# What you will do
An exact copy is needed of the lines in the entries below from the line with "屋頂地磚施作完成;窗框玻璃安" up to and including the line with "Noah Becker is", and of nothing else. Leave the pictures out.

# Source data
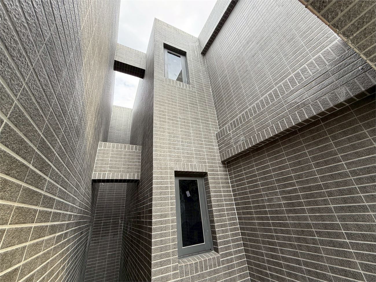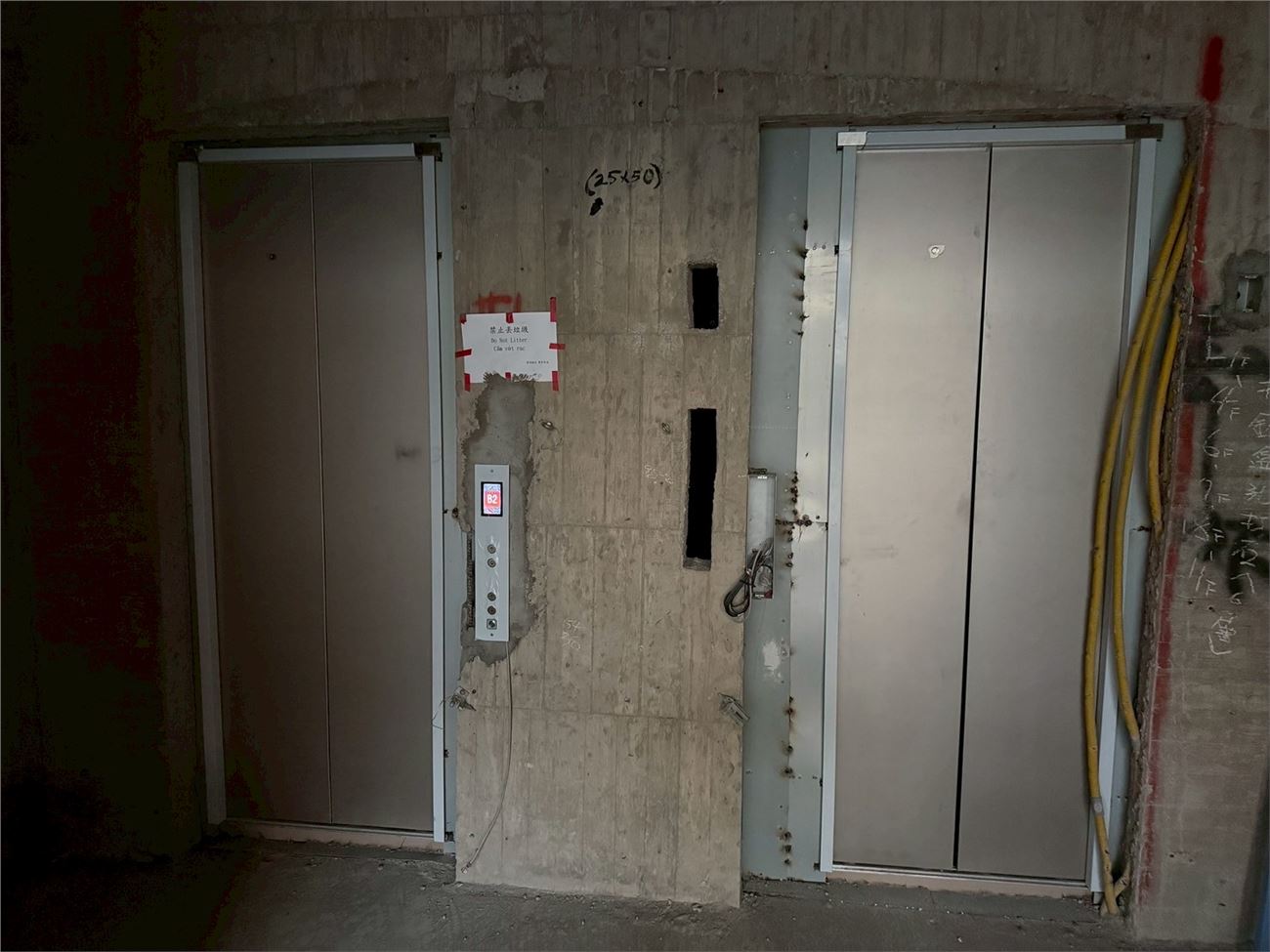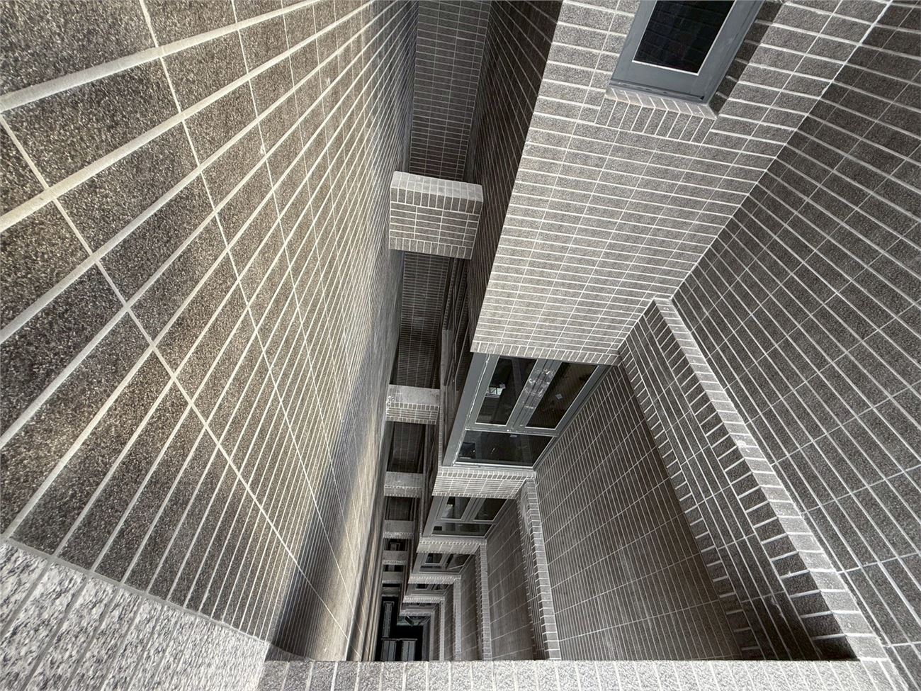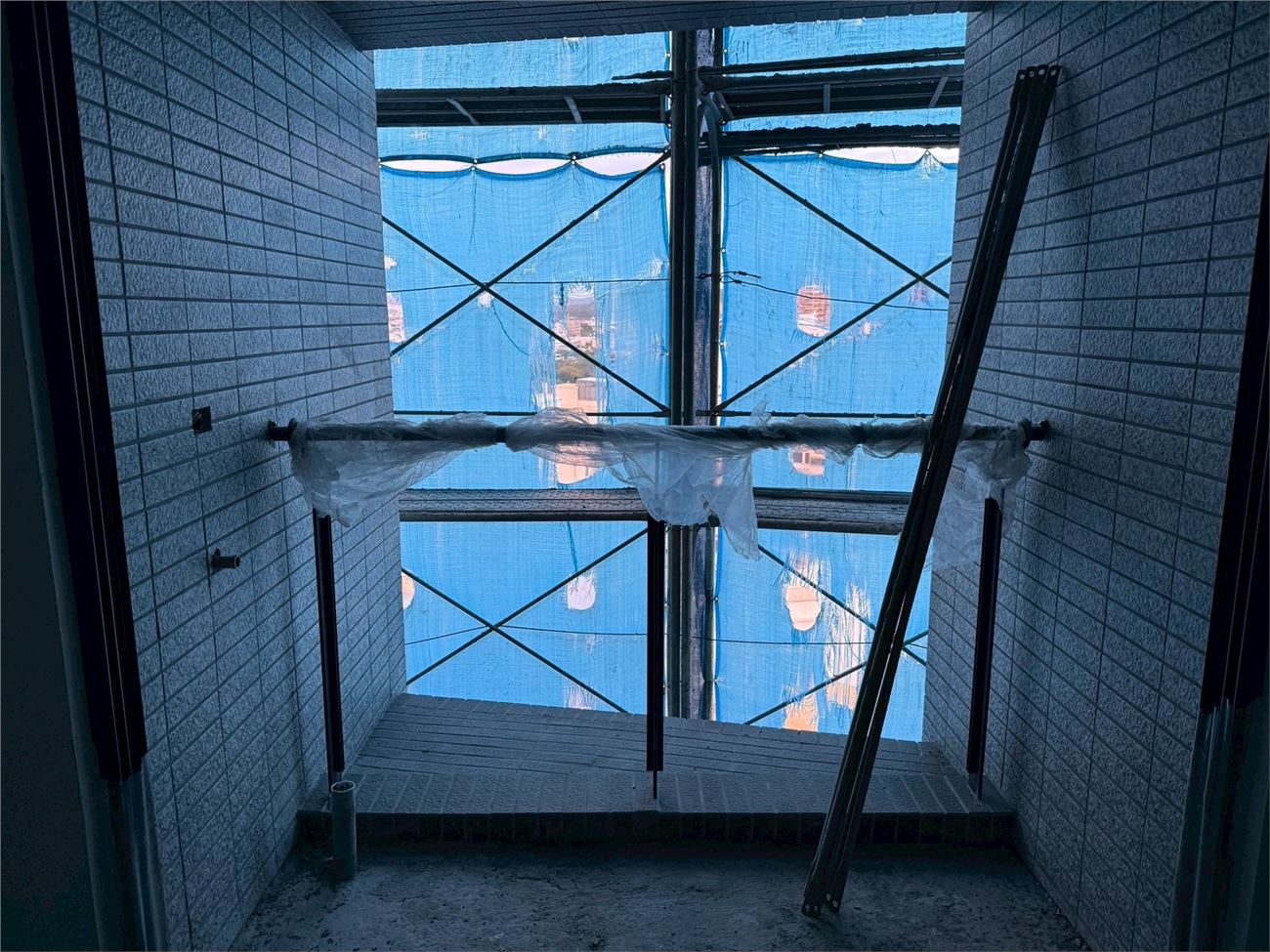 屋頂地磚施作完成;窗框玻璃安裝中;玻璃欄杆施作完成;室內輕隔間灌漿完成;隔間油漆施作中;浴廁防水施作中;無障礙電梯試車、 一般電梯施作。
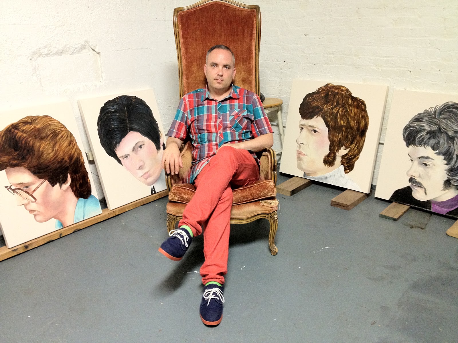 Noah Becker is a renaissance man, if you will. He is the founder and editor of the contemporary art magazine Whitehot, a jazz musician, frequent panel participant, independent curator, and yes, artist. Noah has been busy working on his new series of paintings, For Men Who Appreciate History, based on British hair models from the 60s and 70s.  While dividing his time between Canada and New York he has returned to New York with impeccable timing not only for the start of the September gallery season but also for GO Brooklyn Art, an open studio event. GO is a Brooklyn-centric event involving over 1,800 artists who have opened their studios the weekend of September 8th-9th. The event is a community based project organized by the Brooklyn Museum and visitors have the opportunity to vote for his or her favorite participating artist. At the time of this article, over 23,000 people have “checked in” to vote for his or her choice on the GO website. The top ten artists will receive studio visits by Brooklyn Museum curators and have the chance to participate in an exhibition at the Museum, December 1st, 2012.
--
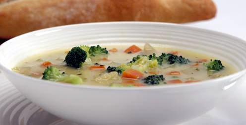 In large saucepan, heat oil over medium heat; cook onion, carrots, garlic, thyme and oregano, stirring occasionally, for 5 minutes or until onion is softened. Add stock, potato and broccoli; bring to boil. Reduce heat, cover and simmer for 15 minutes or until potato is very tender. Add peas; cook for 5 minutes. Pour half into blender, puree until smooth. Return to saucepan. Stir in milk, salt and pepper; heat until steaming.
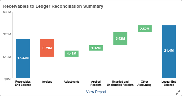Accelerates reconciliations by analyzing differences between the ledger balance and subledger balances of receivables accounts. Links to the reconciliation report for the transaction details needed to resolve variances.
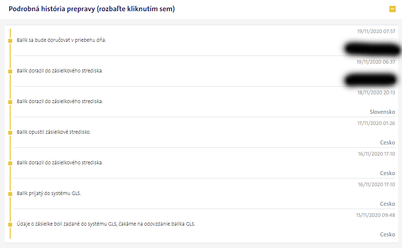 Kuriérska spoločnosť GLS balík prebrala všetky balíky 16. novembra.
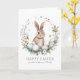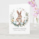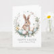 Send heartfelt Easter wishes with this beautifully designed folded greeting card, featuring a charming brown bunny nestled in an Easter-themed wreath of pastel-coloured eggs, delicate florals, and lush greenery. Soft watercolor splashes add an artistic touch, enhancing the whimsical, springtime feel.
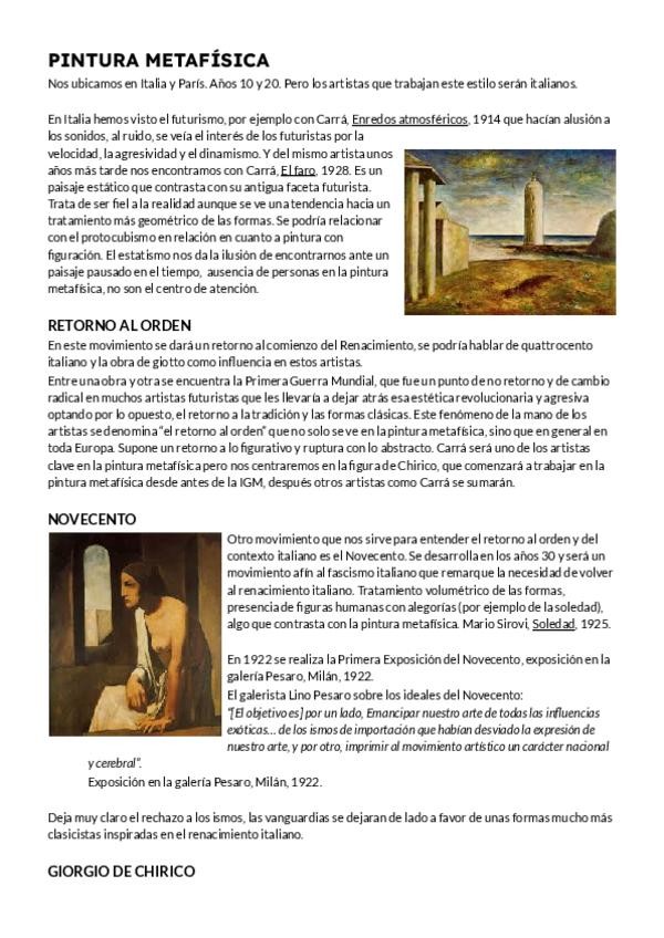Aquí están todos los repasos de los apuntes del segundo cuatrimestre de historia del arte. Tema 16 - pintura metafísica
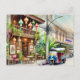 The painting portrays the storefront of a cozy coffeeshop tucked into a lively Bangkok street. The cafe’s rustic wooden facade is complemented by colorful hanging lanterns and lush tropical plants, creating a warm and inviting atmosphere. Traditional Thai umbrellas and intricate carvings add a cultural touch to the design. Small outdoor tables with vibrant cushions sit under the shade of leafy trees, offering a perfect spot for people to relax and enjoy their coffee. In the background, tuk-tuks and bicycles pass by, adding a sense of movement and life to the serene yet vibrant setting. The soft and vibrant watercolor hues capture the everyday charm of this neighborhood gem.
* * *
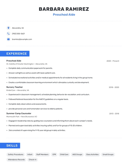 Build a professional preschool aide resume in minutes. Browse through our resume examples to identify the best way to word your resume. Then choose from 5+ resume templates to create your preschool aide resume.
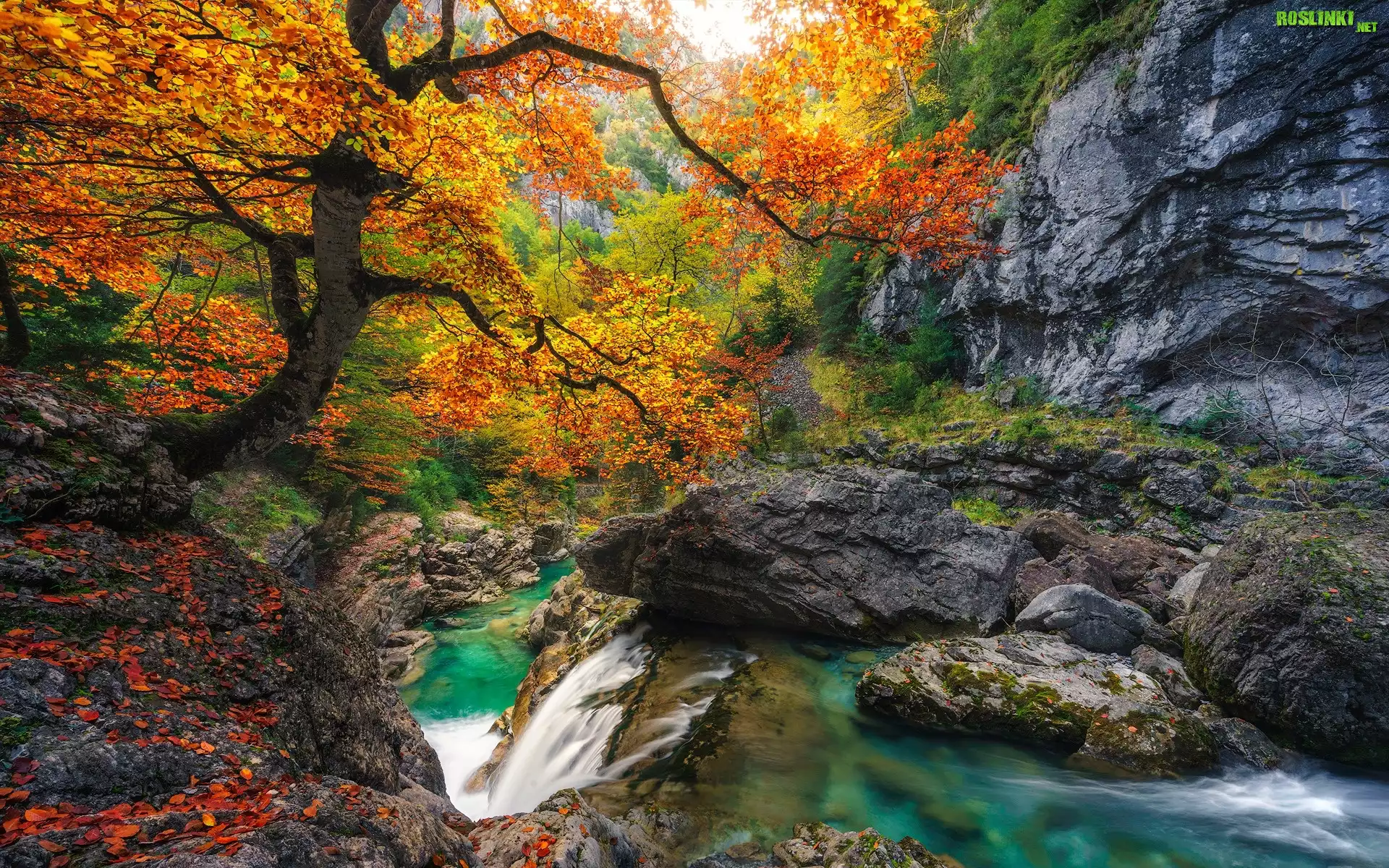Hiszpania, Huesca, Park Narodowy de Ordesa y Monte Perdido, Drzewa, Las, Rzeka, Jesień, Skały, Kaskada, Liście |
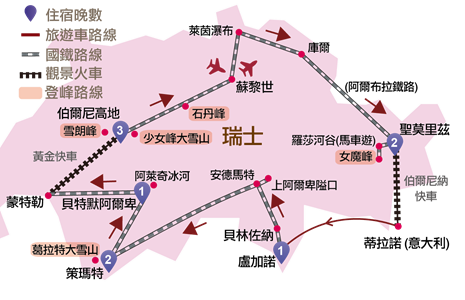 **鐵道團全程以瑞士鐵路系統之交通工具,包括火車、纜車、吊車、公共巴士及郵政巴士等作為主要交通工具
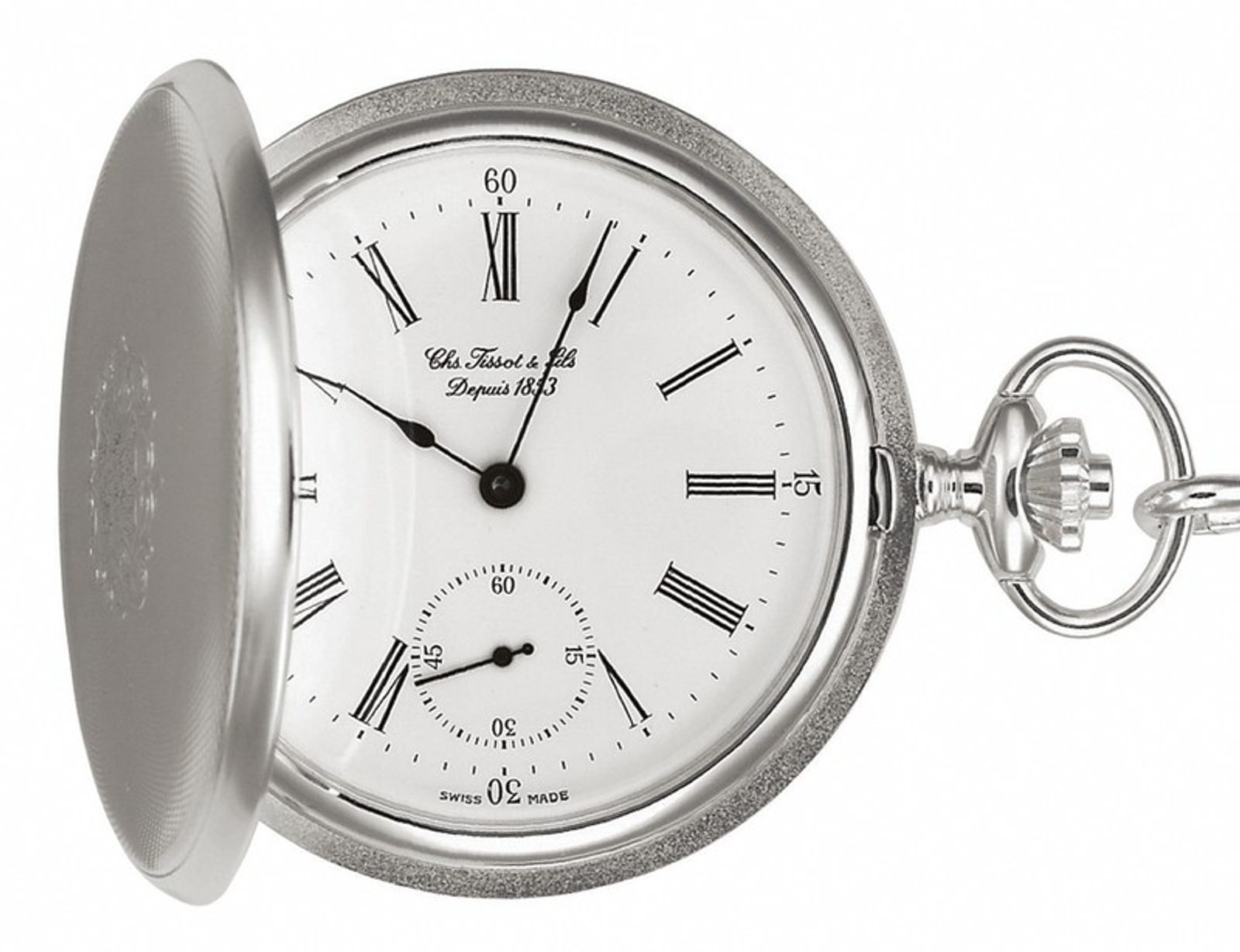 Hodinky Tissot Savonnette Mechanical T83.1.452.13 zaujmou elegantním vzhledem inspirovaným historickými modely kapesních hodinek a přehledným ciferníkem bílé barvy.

# Reply to the exercise
 屋頂地磚施作完成;窗框玻璃安裝中;玻璃欄杆施作完成;室內輕隔間灌漿完成;隔間油漆施作中;浴廁防水施作中;無障礙電梯試車、 一般電梯施作。
 Noah Becker is a renaissance man, if you will. He is the founder and editor of the contemporary art magazine Whitehot, a jazz musician, frequent panel participant, independent curator, and yes, artist. Noah has been busy working on his new series of paintings, For Men Who Appreciate History, based on British hair models from the 60s and 70s.  While dividing his time between Canada and New York he has returned to New York with impeccable timing not only for the start of the September gallery season but also for GO Brooklyn Art, an open studio event. GO is a Brooklyn-centric event involving over 1,800 artists who have opened their studios the weekend of September 8th-9th. The event is a community based project organized by the Brooklyn Museum and visitors have the opportunity to vote for his or her favorite participating artist. At the time of this article, over 23,000 people have “checked in” to vote for his or her choice on the GO website. The top ten artists will receive studio visits by Brooklyn Museum curators and have the chance to participate in an exhibition at the Museum, December 1st, 2012.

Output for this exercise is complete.